As the week went by I got to know the nurses at Scripps. They were so encouraging and patient. They would explain everything that was going on, inform me of the things I could do with my baby. Being at a hospital so far from home, our hometown didn’t have a NICU at the level our son needed), meant I didn’t have my family with me during my visits and because my husband was running our company and we had a two-year-old at home he couldn’t come either. So, those nurses were everything to me. They gave me the strength I needed to support my little warrior at a time where I didn’t know if I could make it through.
I remember one of the nurses telling me one-day as I was walking out that I should go treat myself to some shopping on my way home. She said my little one was ready for clothes tomorrow. I was elated.
I went to a nearby store that carried Carter’s preemie line and I bought the sweetest little outfit. It was such a proud moment for me and I couldn’t wait to take it to the hospital that next day.
Carter’s has been a trusted source for parents of preemies for a long time. They were the clothing I had been able to put on my first preemie baby. At the time some of those preemie sizes were still a tad too big for my little 5 lb guy so I was so excited when Carter’s launched their new preemie line with even smaller size options, plus new features specifically designed to meet the needs of the tiniest newborns in intensive care.
Features of the NEW Carter’s Preemie Line
Carter’s has always been a trusted source for parents of preemie babies so I am sure it comes as no surprise that they have expanded their preemie line to include smaller sizes to fit the tiniest warriors and new features that allow for better IV access and can be worn during x-rays.
Carter’s actually teamed with NICU nurses at Northside Hospital-Atlanta’s neonatal intensive care unit to help create the line. The nurses feedback offered new advancements that preemie parents will appreciate.
Adorable Designs (over 70 styles this fall)
One of the reasons Carter’s was my go-to choice when it came to dressing my preemie babies was the fact that they actually had outfits as opposed to bodysuits and pajamas only. Parents of preemies today are really lucky because it sounds like the line has expanded even more offering over 70 styles this fall- that’s amazing!!
And, they are SOOOO cute!! You can view the entire collection here on Carter’s website. You can learn more about the new features inspired by the feedback from real NICU nurses below.
Some bodysuits also feature graphics with sweet and heartwarming phrases like “Mommy’s Miracle”, “Daddy’s Fighter” and “My Super Heroes Wear Scrubs.”
Smaller Size Options
To show their commitment to preemie babies Carter’s expanded their line to now include even smaller sizes, up to 5 lbs. Ella and I couldn’t believe how small the little bodysuits were.

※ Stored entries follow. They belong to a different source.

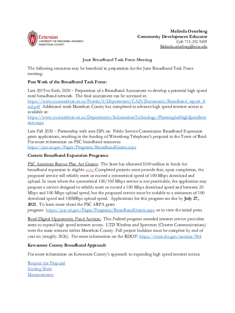 Get the free BROADBAND TASK FORCE - Marathon County
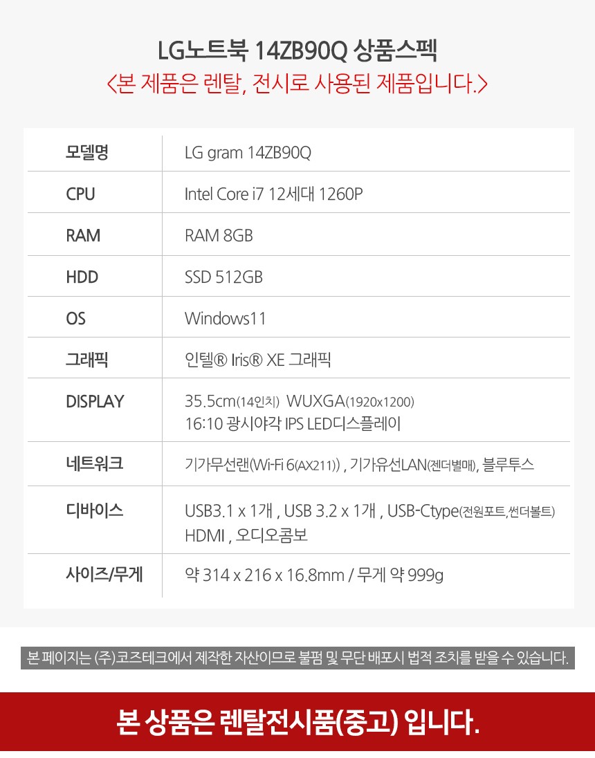 14ZB90Q(i7-1260P/램 16G/SSD 512G(256G+256G)/인텔 Iris Xe/윈도11HOME/A급리퍼)
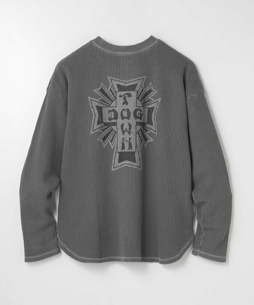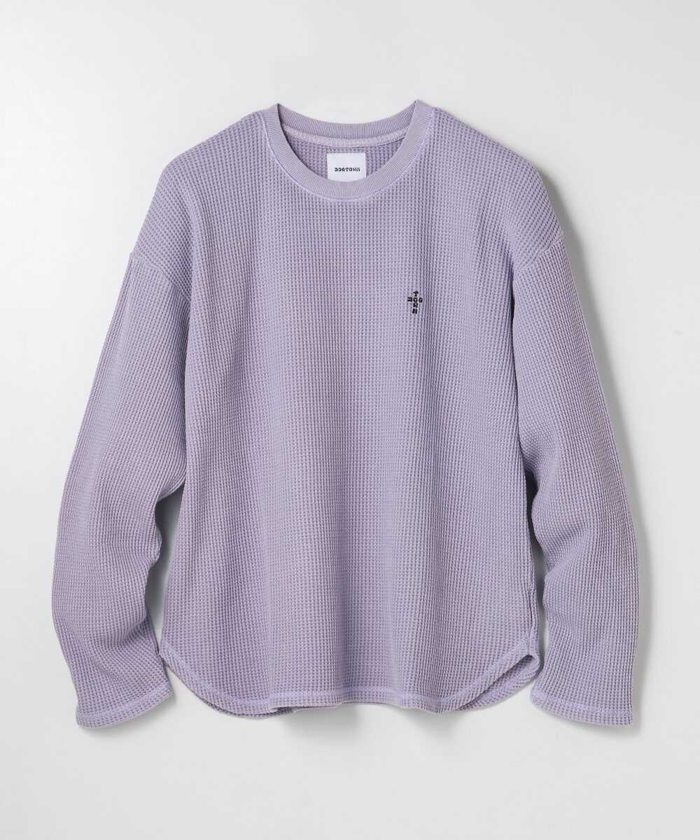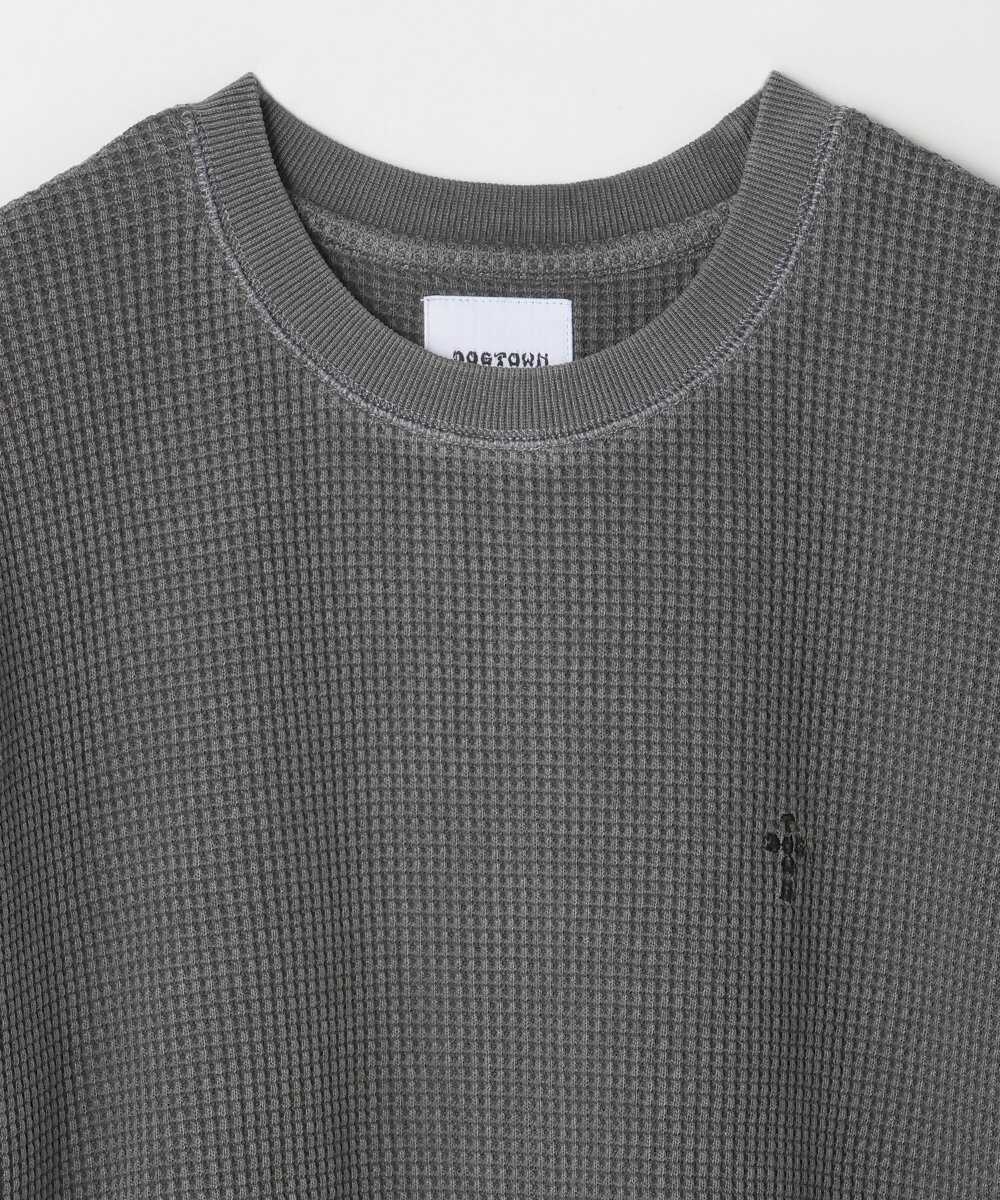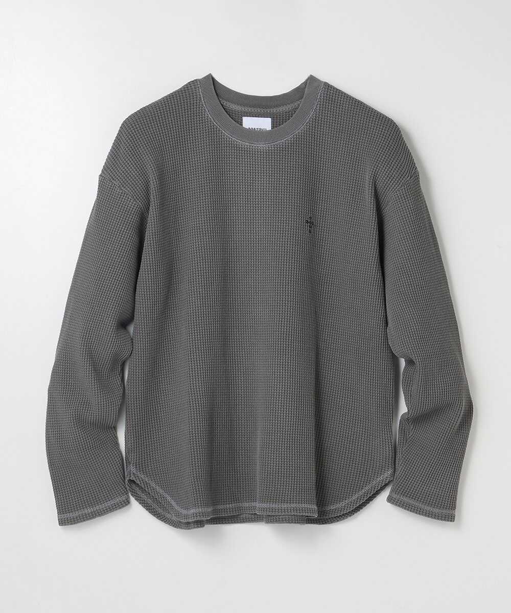 ワッフル生地にピグメント加工を施し、褪せ感ある表情に仕上げたロンT。発色を抑えた見た目なんで大人でも着こなしやすいのが嬉しい。背面には大きくアイコンのクロスをプリント。単色にすることでワッフルに馴染んで落ち着いた印象になっている。

The NICU nurses also suggested the addition of plastic buttons which can be worn during x-rays, a necessary procedure for many of these tiny warriors.
Another feature that parents with babies still in NICU will really appreciate are the Velcro enclosures. Not only does this make it easy to dress fragile babies but it also allows for easier IV access as well.
The Carter’s preemie line is now available in the preemie shop on carters.com and in select retail stores.